Which is not to say I didn’t disappoint him at times, but these incidents were nearly always things involving property damage, rather than the wound to another human involved in the incident on the Etowah. I’m not even counting involuntary property damage, windows and windshields I shattered while honing my baseball skills, but rather things like the time when I was eight or nine when he came out of some church member’s house to discover me amusing neighborhood children by tossing a pointed carpenters file, Jim Bowie style, into the trunk of the only tree in their little front yard. He was disappointed in this error of judgment, but he didn’t say ashamed. He made me apologize to the host, who of course said it was nothing, and then spent a while explaining how old and valuable the tree was, how it was an ornament in these people’s yard, how long it would live and how I had left it forever scared. Up until then I’d thought nothing about nailing stuff to trees. Cowboys did it all the time.
(Although I did have this continuing thing with knives and wood. My nephew David [the worm gatherer] and I were returned to the scene of the crime and lectured after we’d used the pocket knifes we’d recently been mistakenly deemed old enough to own to surreptitiously bore holes in our church pew to ease our boredom during Sunday Night Service. Later when I was a sophomore in high school my father would have to make amends after Buster Byrd -- son of former Lt. Governor Garland T. Byrd, from somewhere in south Georgia -- and I spent our spare time during a summer debate workshop tossing Byrd’s bowie knife [again, Bowie style] into the solid wood door to our dorm room. In my defense I can only offer that to this day I can sing you the theme song to the early 60’s T.V. series, “Jim Bowie.”)

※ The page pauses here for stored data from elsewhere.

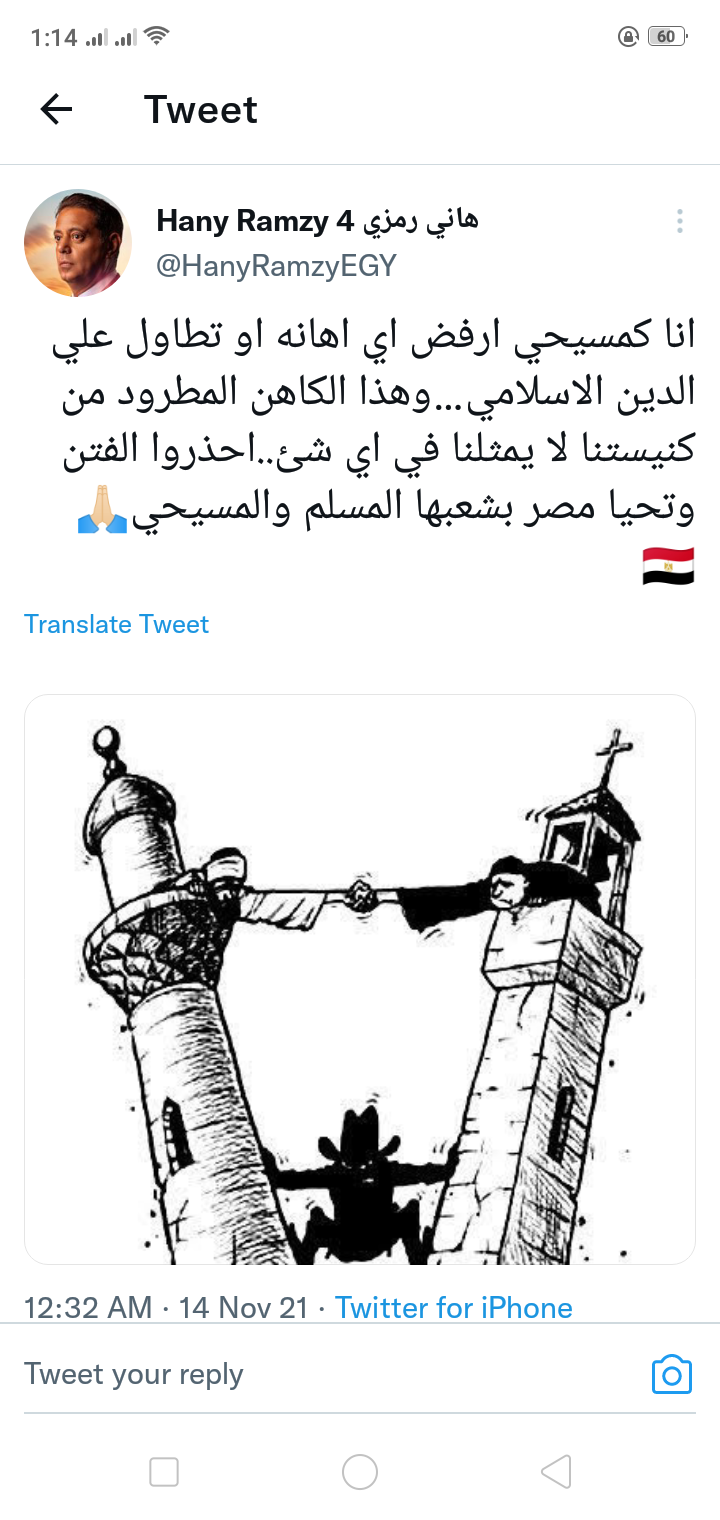“انا كمسيحي ارفض اي اهانه او تطاول علي الدين الاسلامي…وهذا الكاهن المطرود من كنيستنا لا يمثلنا في اي شئ..احذروا الفتن وتحيا مصر بشعبها المسلم والمسيحي”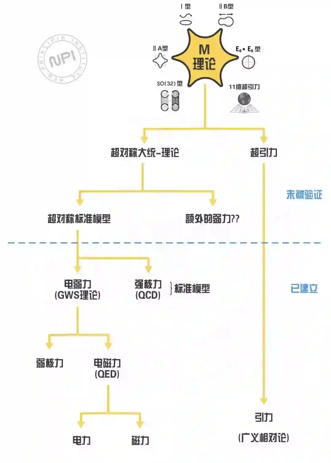 到了20世纪60年代,科学家证明了弱核力和电磁力实际上是电弱力的两个不同的方面。现在,研究人员希望电弱力和强核力可以统一成所谓的大统一力。之后,他们希望大统一力能与引力统一起来,形成万有理论。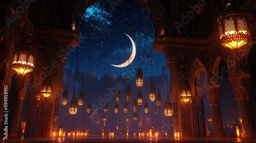 Obraz premium Enchanted Ramadan Night: A Digital Vision of Islamic Architecture under a...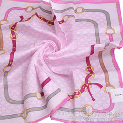 CELINE 繽紛圖騰LOGO皮穿鏈圖騰滾邊小帕巾(粉紅)

When I was eleven I played on a Little League team which lost every game. I had never pitched, but our pitching was so bad that one day late in the season I got the chance to record a couple of outs. For the next week I make my father squat with a catcher’s mitt on the carport with the utility room as the backstop while I battered his shins with errant pitches. The next game, when we were again down ten runs and the usual pitchers were used up, the coach came out to make the change and I was already a few steps toward the mound from my second base position when he motioned to the outfield for a ten-year-old who was his next door neighbor’s kid to come to the mound.
Things are generally very quiet when a kid’s baseball team is changing pitchers and they’re ten runs down. When I saw Waters trotting to the mound I said, to no one in particular, but, I was later to learn, loud enough for people down river to hear, “Waters? He cain’t pitch!”